Old habits die hard, and old passwords die harder.
But if you ever needed extra motivation to forget that ancient password you’ve been reusing for years, you’ll find it in Yahoo’s recent admittance that a 2013 security breach affected all 3 billion user accounts on the site.
Think about that number. That’s 3 billion passwords. There weren’t 3 billion people on the internet in 2013, but there were that many Yahoo accounts because some people had several Yahoo accounts at the time. But, roughly, because Yahoo was so huge, basically everyone had a Yahoo account at some point (just like basically everyone had a Google account at some point). And somewhere, there’s a database with all those usernames and passwords.
That means a hacker can take an email address and a password pair and run it against all the popular sites on the internet. Facebook. Google. Ebay. Amazon. PayPal.
Did you use an old password when you created an account on any of those sites? Did you think that hackers won’t target you? News flash: Malicious hackers, except in some very specific cases, don’t care who you are. They’re not targeting you, personally. They have scripts that go through millions of usernames and passwords, and try them against hundreds of sites. If an old password works, boom: They got something of value.
Do not use the same password on multiple sites. Period.
I get it. Maybe you were in a hurry to buy that new Kindle for Christmas, and you just needed an account, fast.
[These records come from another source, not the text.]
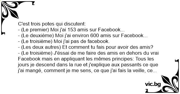 - (Le premier) Moi j'ai 153 amis sur Facebook...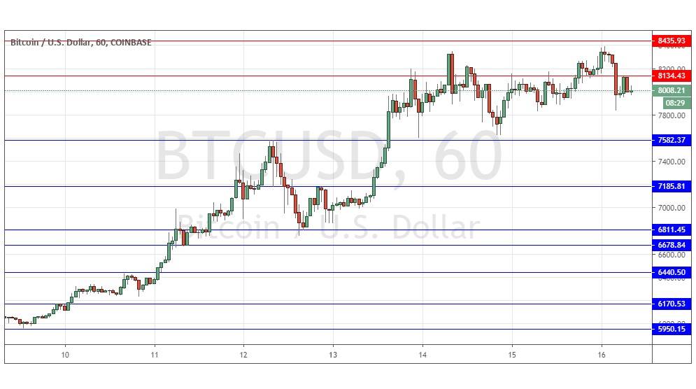 I wrote yesterday that there was no reason not to be generally bullish just because we have had a day of consolidation. I would take a bullish bias above $8,350 or if there is a strong bullish bounce following a bearish retracement to the $7,582 support level.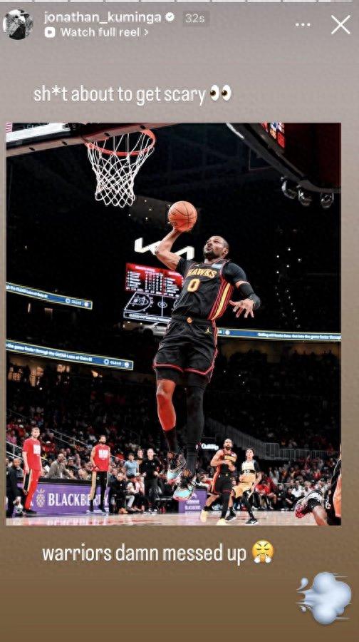 On February 26th Beijing time, Hawks newcomer Kuminga shared on social media a clip of his first dunk in his Hawks career, adding the caption: "The show is about to start! The Warriors really messed things up!" Despite deleting the post quickly, numerous fans saved screenshots.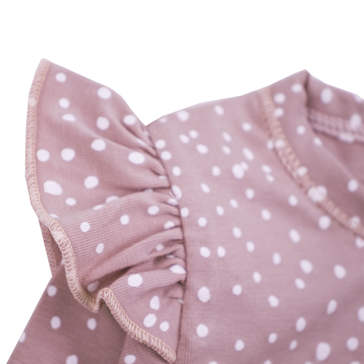 - Цвят: опушено розов, обсипан в щампирани точки.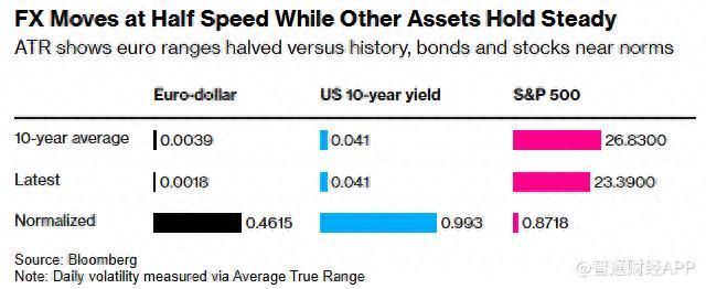 这种平静在多个方面都有所体现。欧元的日内波动幅度不到长期正常水平的一半,而美国国债收益率的波动则几乎完全符合其历史规律。Bloomberg的市场影响监测器还显示,近期外汇市场对重大经济数据的反应比美国国债市场更为平淡。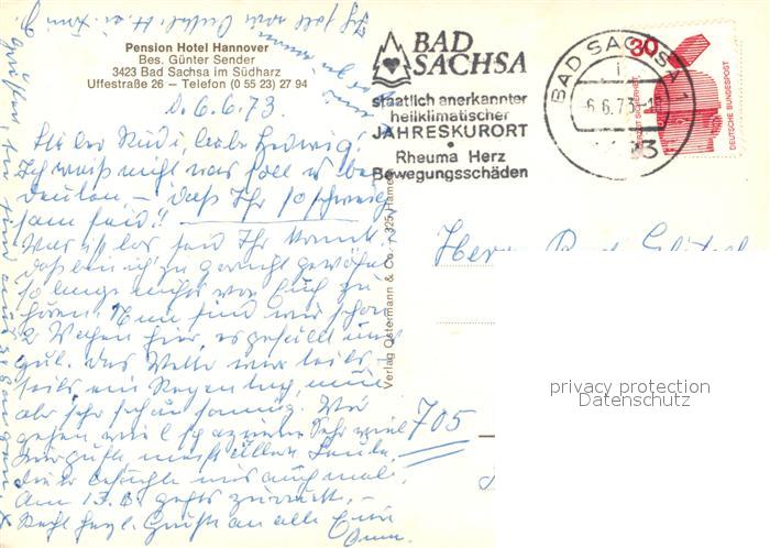 73129441 alte Postkarte Bad Sachsa Harz Hotel Hannover postalisch gelaufen Erhaltung siehe scans [PaolaD17] KatCode: 11110003156003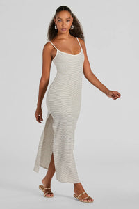 Weekend Vibes High Slit Striped Knit Maxi Dress Weekend Vibes High Slit Striped Knit Maxi DressThis casual-chic striped knit maxi dress is perfect for your laid-back weekend vibes! Designed with stretchy ribbed knit with a thin striped pattern, it features a sleeveless scoop neckline with spaghetti straps, high-cut side slits on each side for added movement, and a form-hugging slim fit on the maxi-length silhouette. Style this long dress with strappy sandals. Fit & Features - Striped ribbed knit fabric, short knit lining, moderate stretch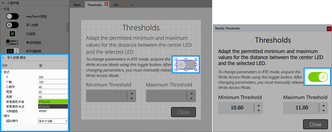为了满足在 MERLIC RTE 运行时需要允许在 MERLIC Frontend 中进行用户交互和修改的用例,您可以将“写入权限”小组件添加到 MVApp 的 Frontend 设计中。如果 MVApp 已进行相应的配置并以 MERLIC RTE 模式加载,则允许用户获取 MERLIC Frontend 中的写入权限。
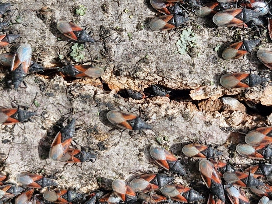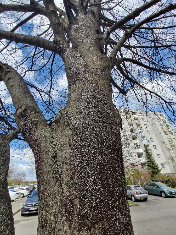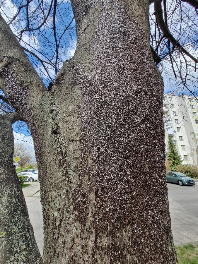 Detail kolónie ploštičiek lipových na lipe v Piešťanoch 8. apríl 2025. Foto: Hana Dupkaničová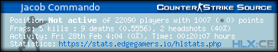Rank | Map | Kills | % | Ratio | Deaths | % | Ratio | K:D | Headshots | % | Ratio | HS:K |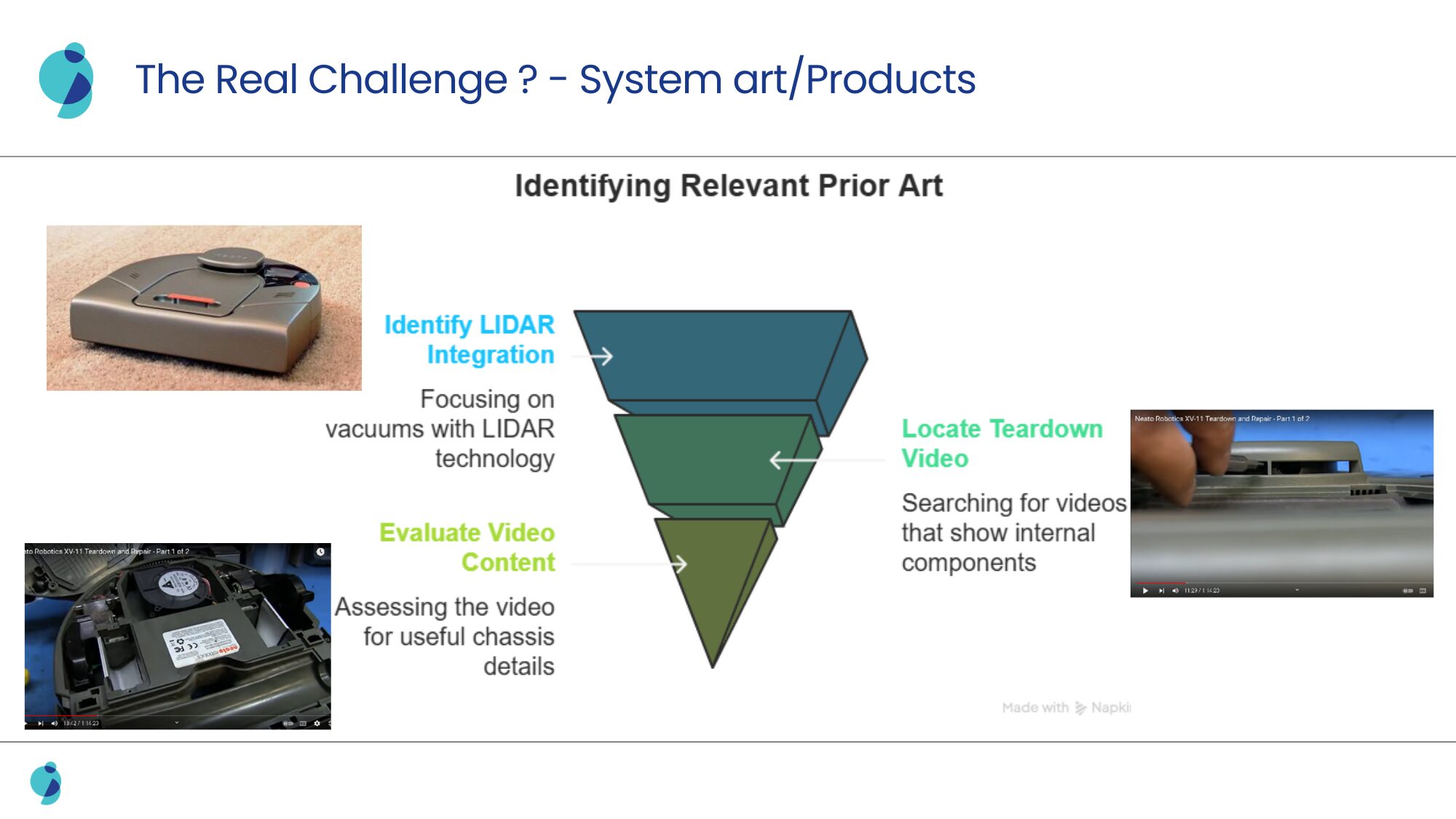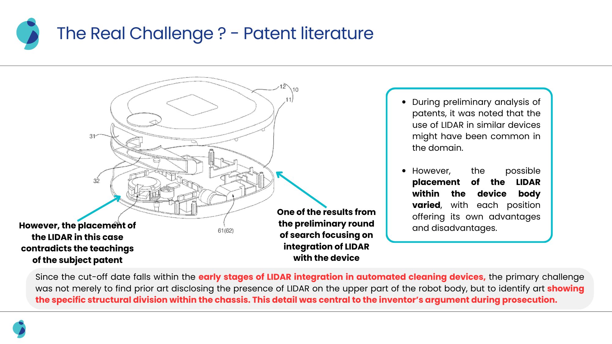 Conventional searches mainly found prior art related to navigation software and sensor integration, but they offered little insight into the underlying mechanical design. This created a critical gap in the client’s defense.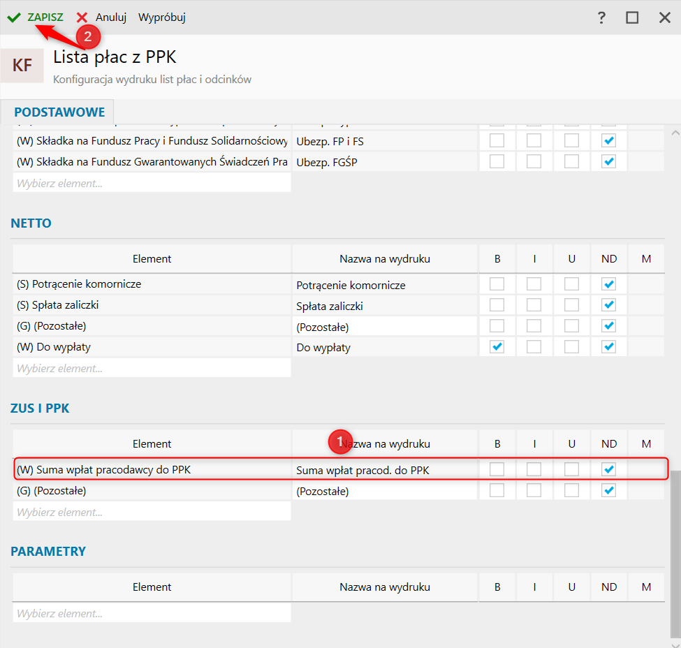 3. W dolnej sekcji formularza w sekcji Parametry dodać Element: (W) Suma wpłat pracodawcy ​do PPK. Zapisać zmiany.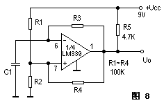 图8为有1/4LM339组成的音频方波振荡器的电路。改变C1可改变输出方波的频率。本电路中,当C1=0.1uF时。f=53Hz;当C1=0.01uF时,f=530Hz;当C1=0.001uF时,f=5300Hz。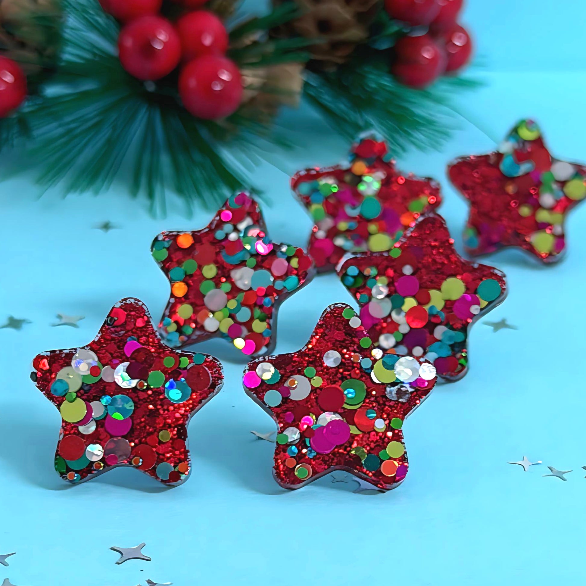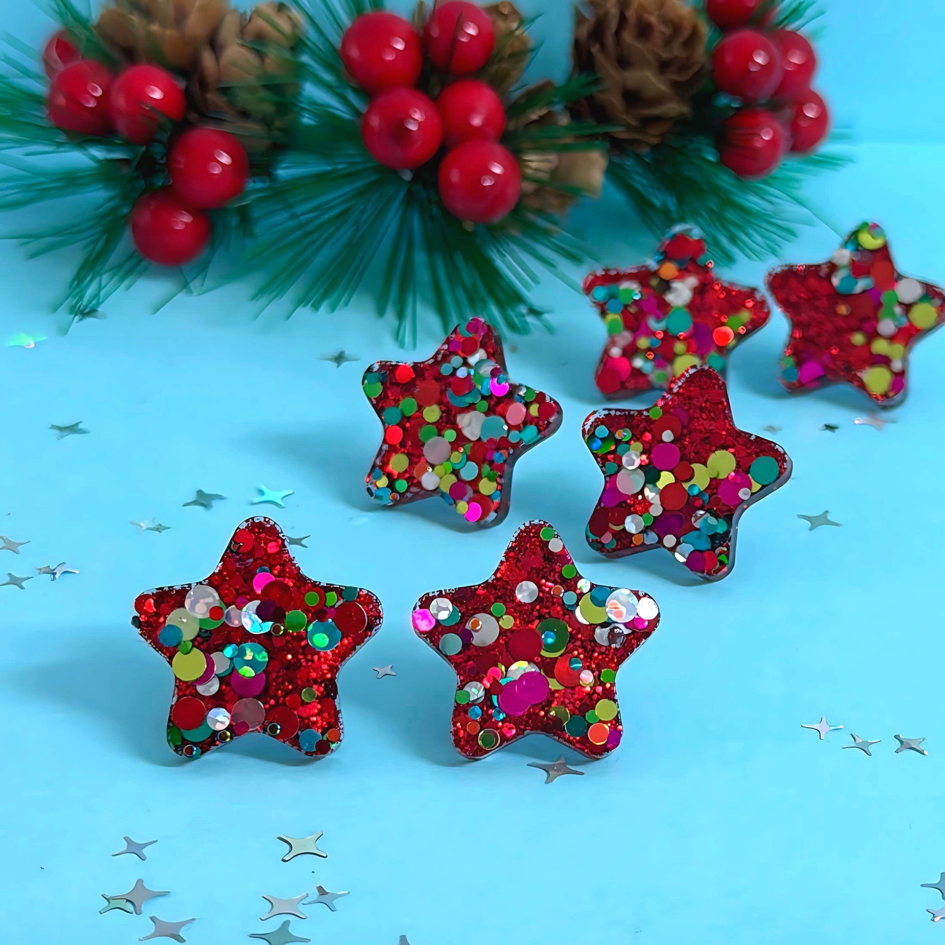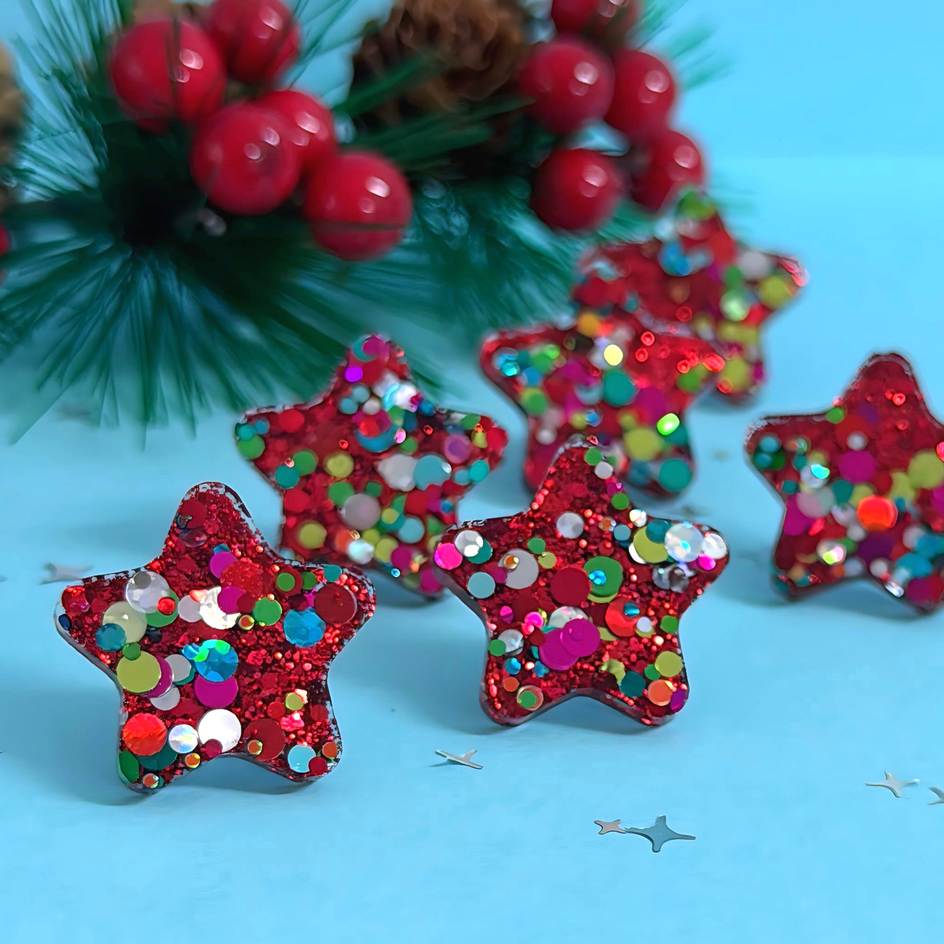 RUBY & EMERALD CONFETTI : FESTIVE STAR : Handmade Resin STUD Earrings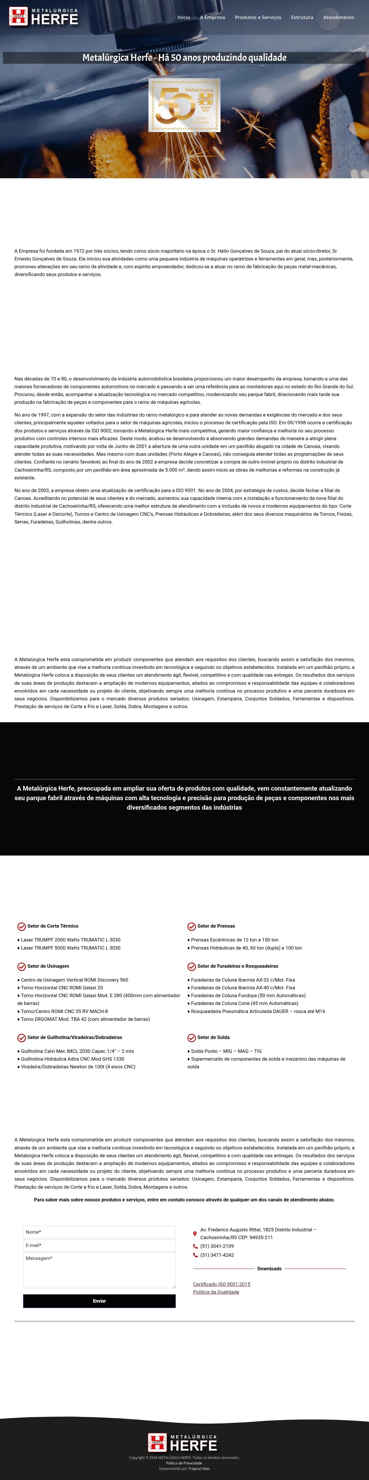 Av. Frederico Augusto Ritter, 1825 - Distrito Industrial, Cachoeirinha - RS, 94935-211, Brazil, Cachoeirinha, Rio Grande do Sul, Federative Republic of Brazil(51) 3041-2109http://www.metalurgicaherfe.com.br/

Perhaps you meant to change the password later, but never did. Or maybe you’re one of those people who simply cannot remember more than one or two passwords and won’t be bothered with a password manager.
Well, if you had a Yahoo account in 2013 (or 2012, or ever), and you’re still using that old password, you’re putting yourself at serious risk. You could lose personal data, your reputation, or even your money.
And it’s not just Yahoo. Basically every large site, service or company experienced some sort of security breach in its history (though none were larger than Yahoo’s colossal screw-up). It happened to MySpace as well. It happened to Equifax. It happened to Verizon. And massive security flaws such as Heartbleed exposed basically every site on the internet, including Google and Facebook. You think you’re safe? No one is safe.
But you’re not helpless. We have some good tips for staying secure online here and here, but in a nutshell, this is what you need to do: Don’t re-use the same password on multiple sites. Use a password manager. Use two-factor authentication whenever possible (I know it’s a hassle, but you should still do it).
Nothing can fully protect you from a hack. A site you’re using might get hacked and your personal data can be stolen, and there’s nothing you can do about that. But you can at least make sure the same people can’t use that data to login on all your other sites.
Think about good password practices as brushing your teeth. It’s not something you really want to do twice every day, but you know you have to, or there will be consequences. So you simply get out of bed every morning and do it, no questions asked. The next time you need to think of a new password, and you really, really don’t want to, suck it up. Install a password manager. Follow the steps. Create a fresh, safe password.
If you don’t, somewhere down the line, there will be consequences.